Am 03.03.2010 16:15, schrieb Frank Mueller:
Hmm, nur mal so in den Raum gestellt, falls die ganze Geschichte auf- --
Zeitstempel passiert, das die Uhren in den einzelnen VMs nicht synchron
laufen, da virtualisiert..
Gruss
Frank
Quoting Stefan Jurisch <s.jurisch@xxxxxxxxxxx>:
Hallo miteinander,
seit einiger Zeit schrauben mein Kollege und ich - er zum größeren
Teil - an einem
bislang nicht gelösten Problem herum, das uns so langsam aber sicher
den Verstand raubt
- oder zumindest mich allmählich gehörig dran zweifeln lässt, dass
ich jemals mit
Computern zu tun hatte. ;-)
Uns gehen inzwischen echt die Ideen aus, und das trotz 2x rund 25
Jahren Hackerei und
quasi Großwerdens mit Drahtköppen verschiedenster Generationen... oder
wir stehen
einfach nur *derart* auf dem Schlauch....................
Weil es sich um ein sehr spezielles Thema handelt, denke ich auch
nicht, dass ich hier
jemanden - obwohl ich es nie ausschließen würde - mit der
Knaller-Lösung finde, aber
selbst über eventuell frische Denkansätze und Ideen wäre ich schon
froh!!!
Aber erst einmal zur Problembeschreibung, beginnend mit der
vorhandenen Hardware etc.:
Wir haben einen VMware-Cluster, bestehend aus drei ESX4-Hosts; dazu
einen vCenter Server
mit MSSQL-Express-Datenbank (reicht in der Größenordnung lange aus)
und ein Infortrend
Storage Array in einem Fibre Channel SAN, auf das von den Maschinen
über jeweils einen
2-channel-HBA mit 4GBit zugegriffen wird.
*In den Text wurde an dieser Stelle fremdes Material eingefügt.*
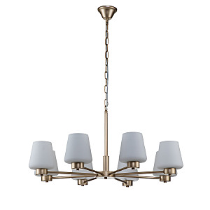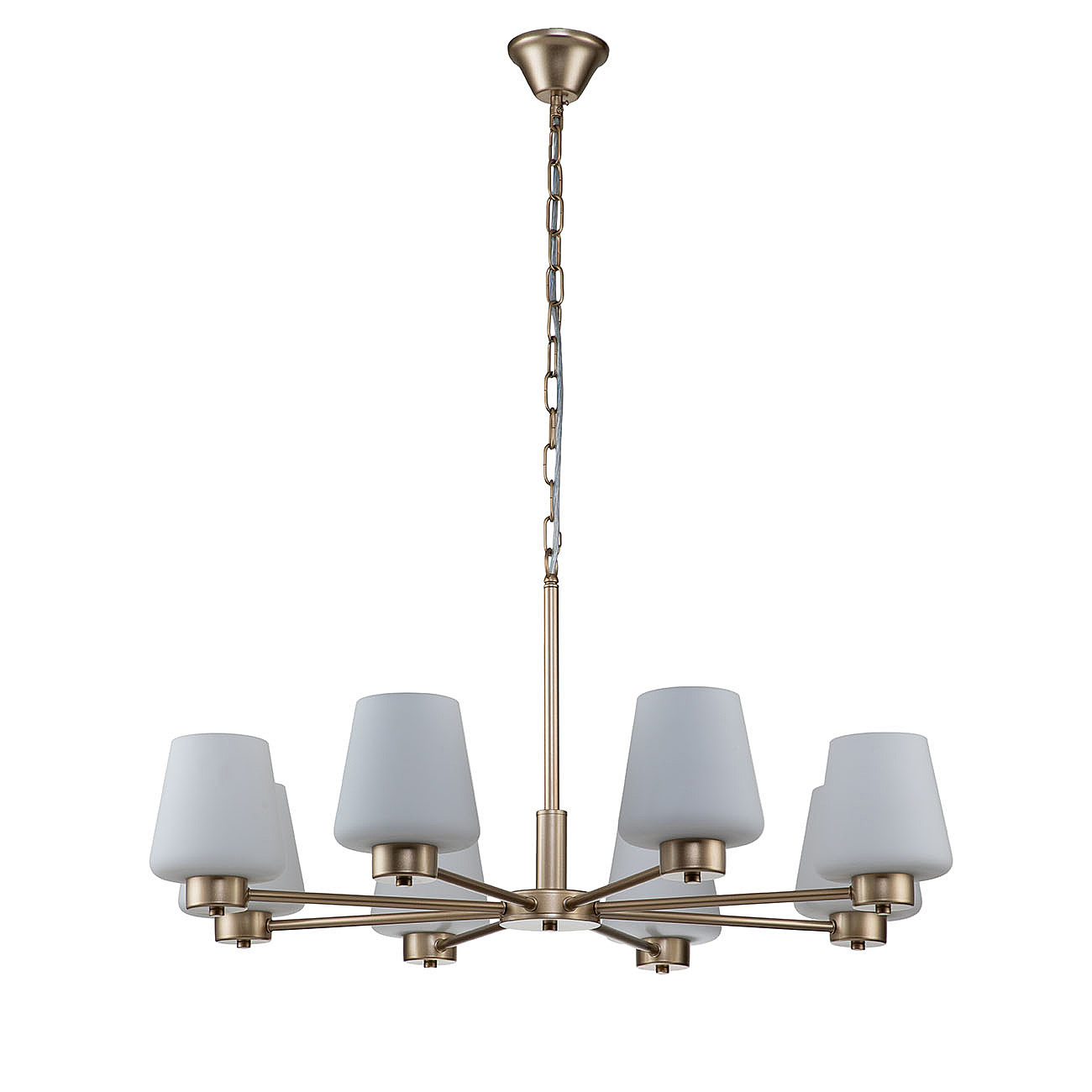 Допускается отличие страны-изготовителя, указанной в характеристиках. Линии производства могут находиться в нескольких государствах. Это не влияет на качество изготовления товара: все заводы данного бренда работают по общим стандартам, а готовые изделия проходят соответствующий контроль.Великобритания Коллекция Tulip ЦветЦвет арматуры Золото Цвет Золото Материал арматуры Металл Цвет плафона Матовый белый Материал плафона Стекло РазмерыВысота (мм) 1255 Длина (мм) 815 Высота минимальная (мм) 455 Ширина (мм) 815 Диаметр абажура-плафона 140 Высота абажура-плафона 145 ЭлектрикаКоличество ламп (шт) 8 Цоколь E27 Мощность лампы (Вт) 60 Напряжение (В) 220 Площадь освещения 30 Дополнительная информацияСпособ крепления Крюк Степень защиты (IP) IP20 Вес (Кг) 4.18 Тип подвеса На цепи -

Jeder der 3 ESX-Hosts
besitzt 4 NICs, je zwei
on-board und 2 als Zusatzkarte (PCIe). Die Physik stammt von HP (DL360).
Alles in allem absolut aktuell, bis hin zu Patches, angefangen bei der
Firm- über die
Software bis hin zu den OSes auf den VMs.
In dieser Umgebung existieren mehrere Virtuelle Maschinen auf Basis
von SLES11, auf
denen jeweils ein openLDAP-Slave und SAMBA3.4.x laufen, wobei das LDAP
natürlich das
Backend für SAMBA stellt. Allen VMs beziehungsweise den darauf
laufenden LDAP-Daemons
dient eine ebenfalls aktuelle SLES11-DL360-Physik als Master zur
Verfügung. Alle
Maschinen, ob physisch oder virtuell kommunizieren TLS-gesichert
innerhalb einer DMZ
über Gigabit-Ethernet mittels IPv4.
Grundsätzlich läuft das ganze Konstrukt gut und stellt alle
Funktionen, die man benötigt
- wenn man so etwas aufbaut - völlig intakt bereit... allerdings nur
über mehrere
Stunden bis zu einem gewissen Punkt, an dem plötzlich keine
Passwortänderungen auf den
Slaves, und damit auch über SAMBA, mehr möglich sind!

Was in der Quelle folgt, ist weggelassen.